PROBLEM:
Among the entries below, retype exactly the lines starting with the one with "モバイルバッテリー USB Type-C" and going on through the one with "Samsun Büyükşehir Belediyesi kültürel", but not the pictures.

INFORMATION SUPPLIED:
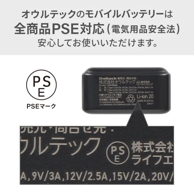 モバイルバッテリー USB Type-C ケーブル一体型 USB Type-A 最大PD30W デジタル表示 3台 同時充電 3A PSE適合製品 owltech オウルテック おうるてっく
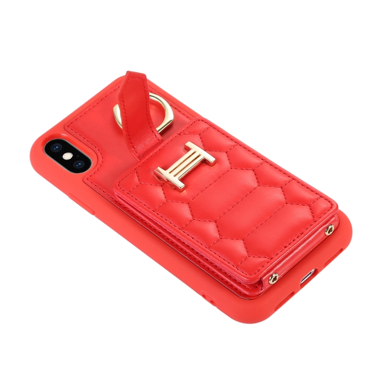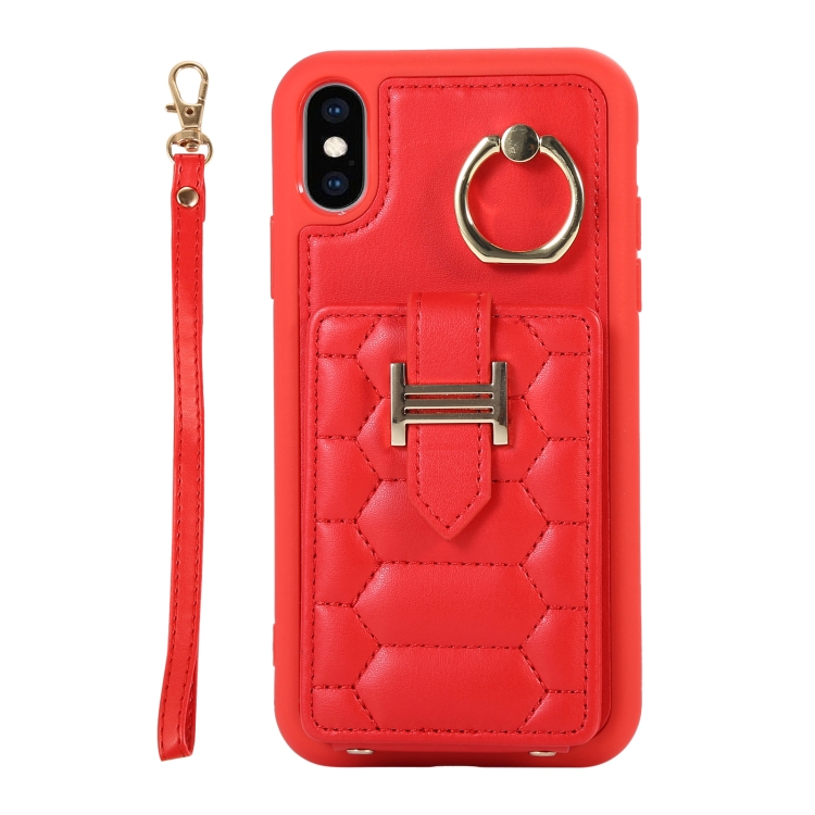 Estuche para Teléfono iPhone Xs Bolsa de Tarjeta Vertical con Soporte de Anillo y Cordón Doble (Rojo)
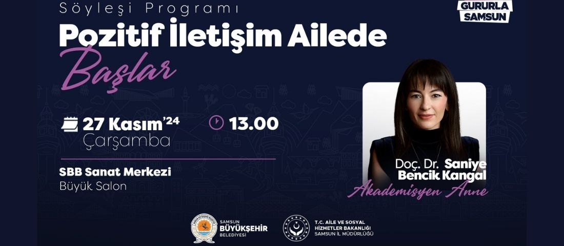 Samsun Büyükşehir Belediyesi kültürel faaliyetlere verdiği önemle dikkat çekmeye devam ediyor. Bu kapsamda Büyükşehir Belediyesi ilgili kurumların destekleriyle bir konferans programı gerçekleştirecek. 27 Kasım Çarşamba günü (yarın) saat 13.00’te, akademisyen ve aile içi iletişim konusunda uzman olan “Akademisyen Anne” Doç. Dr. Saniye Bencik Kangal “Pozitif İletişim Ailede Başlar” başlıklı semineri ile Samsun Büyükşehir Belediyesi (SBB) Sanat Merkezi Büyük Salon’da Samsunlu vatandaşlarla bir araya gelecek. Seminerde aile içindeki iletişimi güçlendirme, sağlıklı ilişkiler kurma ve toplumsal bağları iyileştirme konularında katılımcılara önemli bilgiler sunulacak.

...

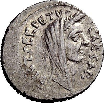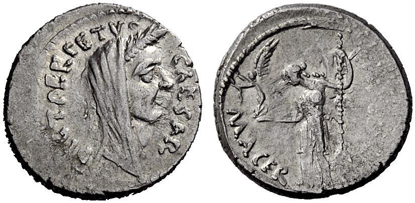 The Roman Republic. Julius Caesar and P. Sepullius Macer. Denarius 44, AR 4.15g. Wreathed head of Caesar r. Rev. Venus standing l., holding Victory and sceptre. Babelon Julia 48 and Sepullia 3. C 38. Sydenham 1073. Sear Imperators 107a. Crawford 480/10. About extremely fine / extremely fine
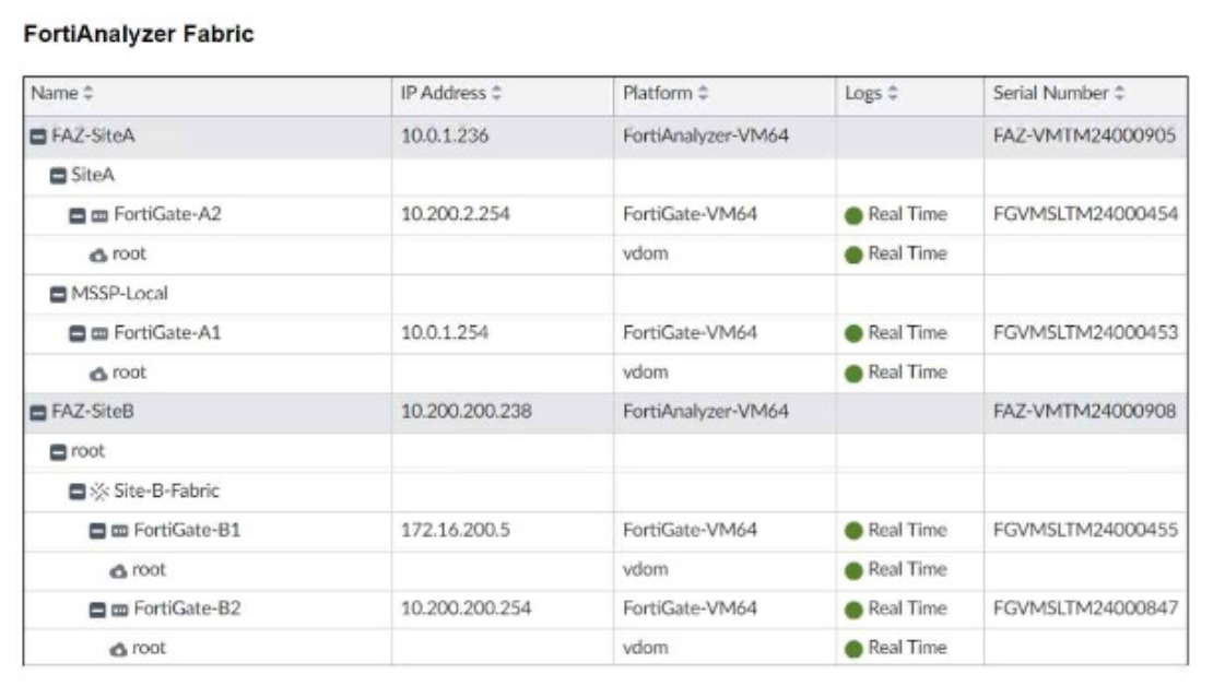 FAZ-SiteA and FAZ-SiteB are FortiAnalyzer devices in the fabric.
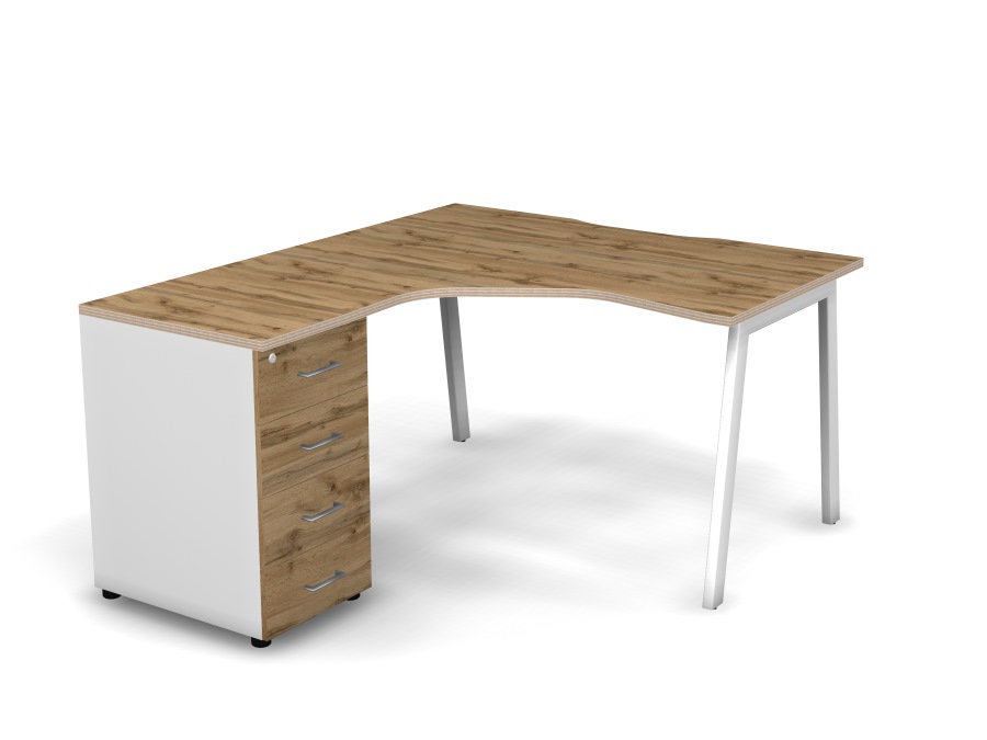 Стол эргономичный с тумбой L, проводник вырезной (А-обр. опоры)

EXERCISE RESPONSE:
 モバイルバッテリー USB Type-C ケーブル一体型 USB Type-A 最大PD30W デジタル表示 3台 同時充電 3A PSE適合製品 owltech オウルテック おうるてっく
 Estuche para Teléfono iPhone Xs Bolsa de Tarjeta Vertical con Soporte de Anillo y Cordón Doble (Rojo)
 Samsun Büyükşehir Belediyesi kültürel faaliyetlere verdiği önemle dikkat çekmeye devam ediyor. Bu kapsamda Büyükşehir Belediyesi ilgili kurumların destekleriyle bir konferans programı gerçekleştirecek. 27 Kasım Çarşamba günü (yarın) saat 13.00’te, akademisyen ve aile içi iletişim konusunda uzman olan “Akademisyen Anne” Doç. Dr. Saniye Bencik Kangal “Pozitif İletişim Ailede Başlar” başlıklı semineri ile Samsun Büyükşehir Belediyesi (SBB) Sanat Merkezi Büyük Salon’da Samsunlu vatandaşlarla bir araya gelecek. Seminerde aile içindeki iletişimi güçlendirme, sağlıklı ilişkiler kurma ve toplumsal bağları iyileştirme konularında katılımcılara önemli bilgiler sunulacak.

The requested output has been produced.